Task statement – An exact copy is needed of the lines in the entries below from the line with "Rolex Day-Date 40" up to and including the line with "Which means that", and of nothing else. Leave the pictures out.

Provided records –
-.-.-

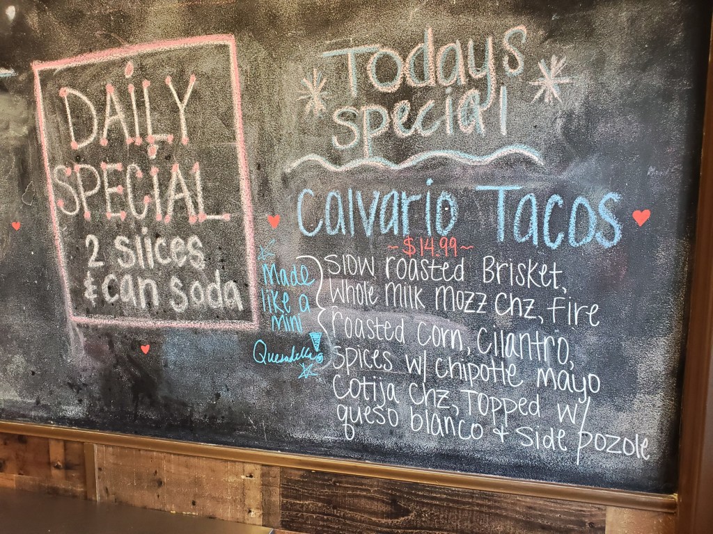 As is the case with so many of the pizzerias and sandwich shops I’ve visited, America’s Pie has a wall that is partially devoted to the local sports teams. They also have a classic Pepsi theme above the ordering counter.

-.-.-

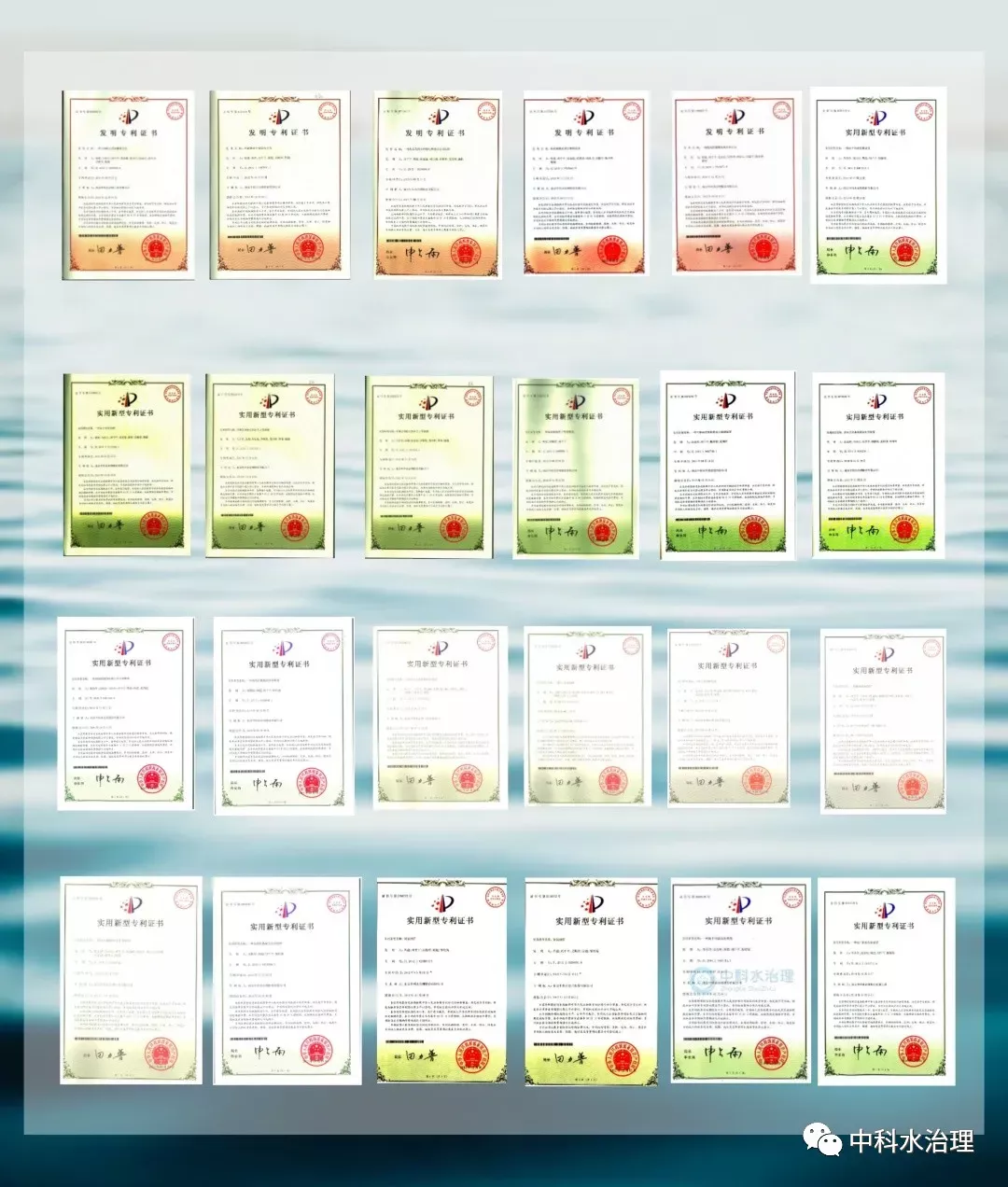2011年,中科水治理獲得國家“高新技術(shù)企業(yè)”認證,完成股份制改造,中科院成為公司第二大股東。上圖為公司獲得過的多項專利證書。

-.-.-

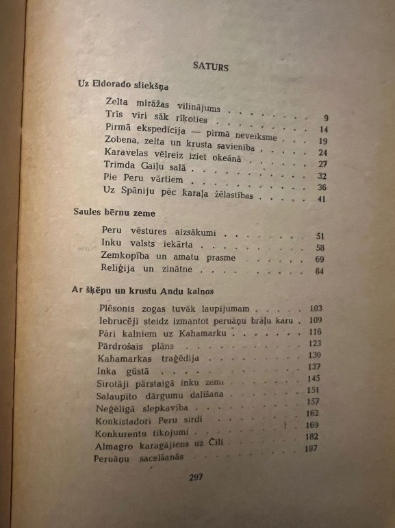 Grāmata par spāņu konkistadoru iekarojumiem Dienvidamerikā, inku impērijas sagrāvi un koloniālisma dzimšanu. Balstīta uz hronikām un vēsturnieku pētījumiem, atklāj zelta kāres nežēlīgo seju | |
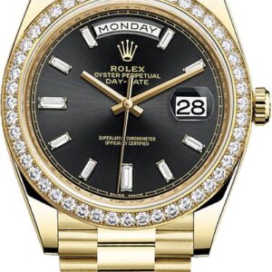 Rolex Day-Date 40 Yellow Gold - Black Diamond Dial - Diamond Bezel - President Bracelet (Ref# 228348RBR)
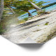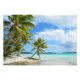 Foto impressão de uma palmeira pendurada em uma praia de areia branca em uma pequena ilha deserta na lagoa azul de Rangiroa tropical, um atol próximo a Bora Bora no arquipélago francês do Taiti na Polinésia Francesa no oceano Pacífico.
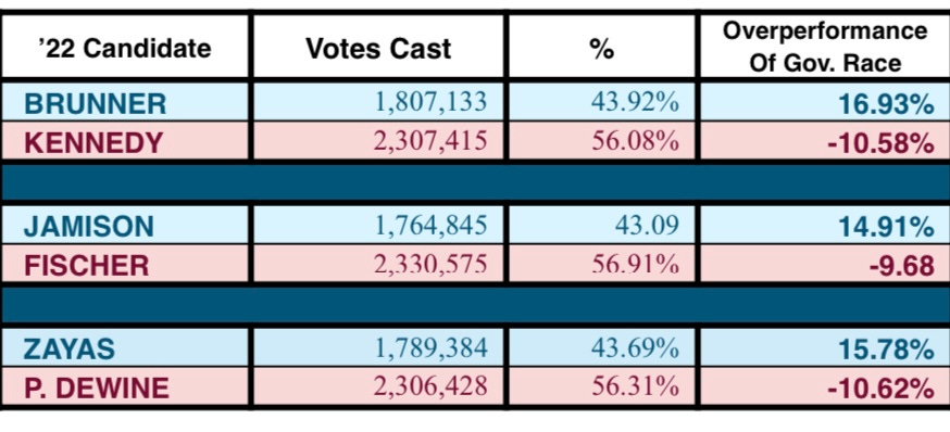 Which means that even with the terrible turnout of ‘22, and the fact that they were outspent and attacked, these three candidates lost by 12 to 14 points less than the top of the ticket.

-.-.-

Your response –
 Rolex Day-Date 40 Yellow Gold - Black Diamond Dial - Diamond Bezel - President Bracelet (Ref# 228348RBR)
 Foto impressão de uma palmeira pendurada em uma praia de areia branca em uma pequena ilha deserta na lagoa azul de Rangiroa tropical, um atol próximo a Bora Bora no arquipélago francês do Taiti na Polinésia Francesa no oceano Pacífico.
 Which means that even with the terrible turnout of ‘22, and the fact that they were outspent and attacked, these three candidates lost by 12 to 14 points less than the top of the ticket.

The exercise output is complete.